The bad debt that arises from medical debt can threaten the financial viability of local health care providers. Most hospitals that close do so because of financial problems. The causes of financial problems are often multi-dimensional, but high levels of uncompensated care and bad debt can put financial strain on hospitals — particularly for rural facilities that have a less profitable mix of payers and face a number of other negative pressures (e.g. demographics, low utilization, technology, etc.). (59) (60) (61) (62) (63) This can contribute to hospital closures that affect entire communities — not just the local residents with medical debt.

Effects on the Physical Environment

Medical debt can create barriers to financial security and homeownership that limit access to neighborhoods with built environments that foster good health. Higher-income, higher-cost neighborhoods and those with more owner-occupied homes tend to offer better access to parks, green spaces, and community recreational opportunities and supervised programming. (64) (65) (66) (67) (68) (69) (70) Meanwhile, the construction of new parks, greenways, and green spaces in low-income neighborhoods can boost local property values – which may or may not affect who can afford to live there. (71) (72) (73)

Effects on Health Disparities

Available information suggests that medical debt may worsen existing racial and socioeconomic disparities in health security. Populations that experience health disparities — typically black and Hispanic Americans and people with less income and education — are more likely to have medical debt. (1) (57) (74) (43) Communities with a larger share of non-white residents and those with lower incomes are also more likely to have higher rates of medical debt. (75)

For financially fragile households already facing issues that contribute to health disparities, medical bills they can’t afford may be a tipping point. In fact, evidence suggests that the negative effects of medical debt for these populations may be worse than for other populations. For example:

  • Low-income households may be more susceptible to bankruptcy resulting from medical debt. (33) (34)
  • Debtors who are black may face more lawsuits. (76)
  • Uninsured individuals with lower incomes may be likelier to face more aggressive debt collection practices. (52) (53)
  • The effects of stress may be more pronounced for Americans who are black, Hispanic, or have low socioeconomic status. (77)

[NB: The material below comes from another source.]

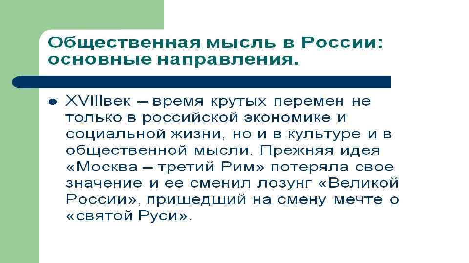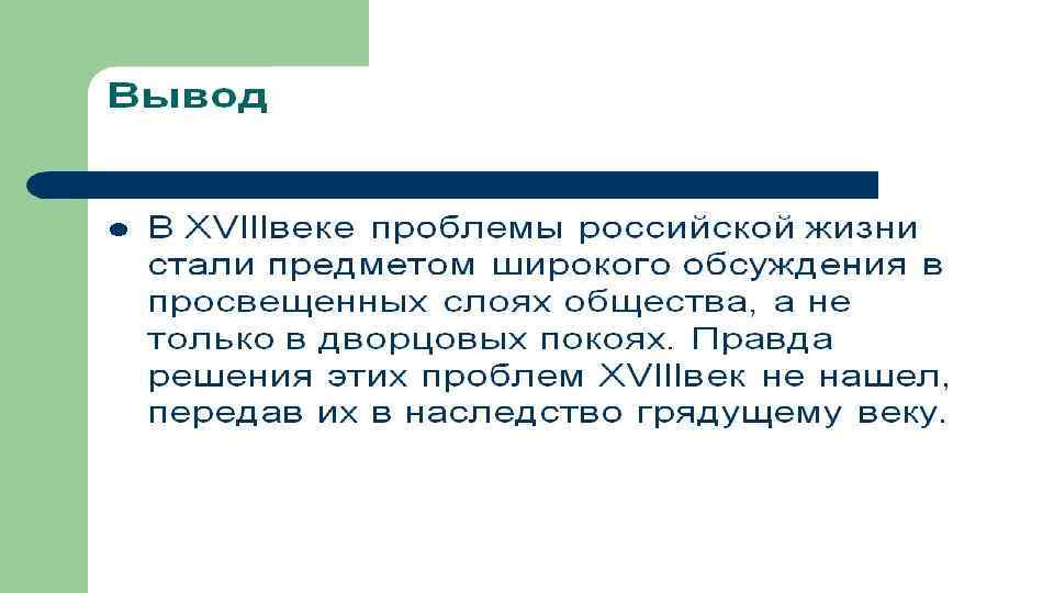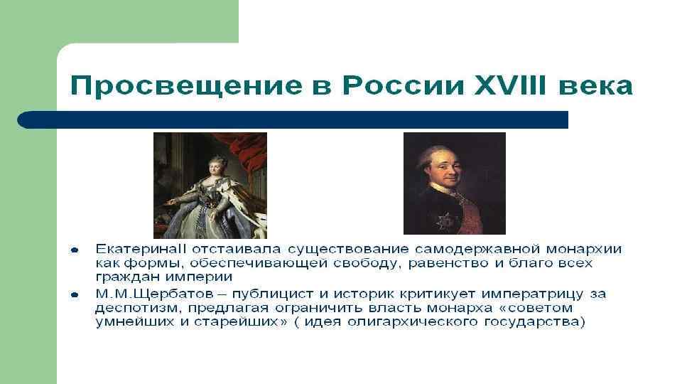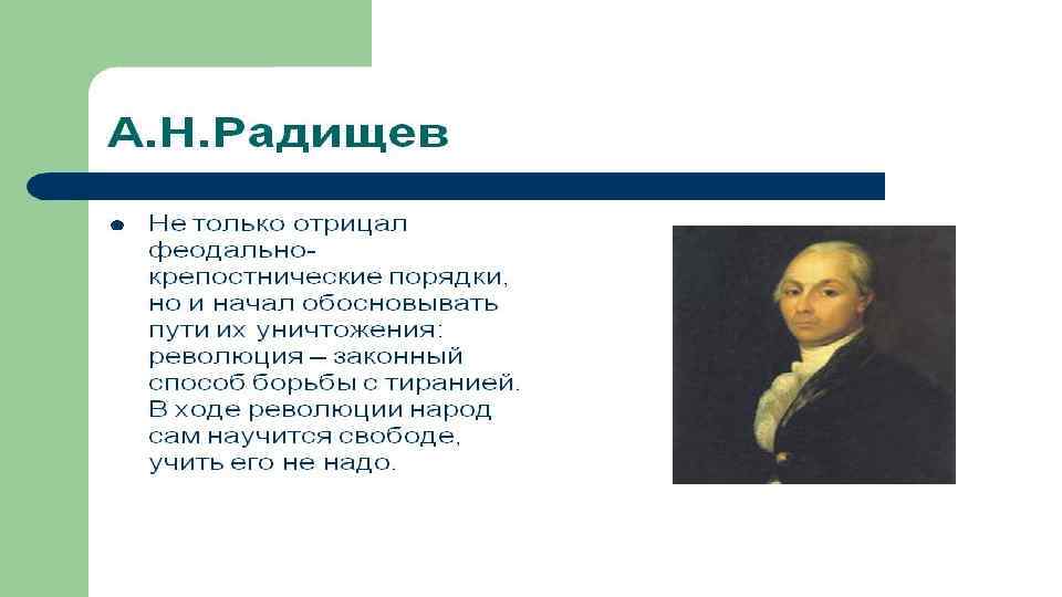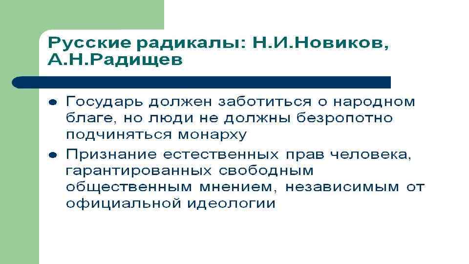 А. Н. РАДИЩЕВ НАЗВАЛ XVIII СТОЛЕТИЕ, С ОДНОЙ СТОРОНЫ, «БЕЗУМНЫМ» , А С ДРУГОЙ СТОРОНЫ – «МУДРЫМ» . КАК ВЫ ДУМАЕТЕ, ПОЧЕМУ? Кровопролитные войны, жестоко подавленное восстание Пугачёва, усиление крепостничества – с одной стороны; создание первого русского университета, культ науки и просвещения, преобразования в государственной жизни России – с другой.

A growing body of evidence connects medical debt with health outcomes through effects that we already know influence health. Medical debt-specific research and existing research on the drivers of health draw a clear link between these factors and poorer health outcomes. Even when poor health itself contributes to medical debt, debt-related issues can exacerbate the situation and worsen existing health disparities. Like all other drivers of health, the effects of medical debt are closely interrelated and mutually influential (e.g. the health effects of medical debt may intensify economic stability issues by leading to lower productivity).

*This paper was updated on March 26, 2024 to correct a mistake in Figure 1.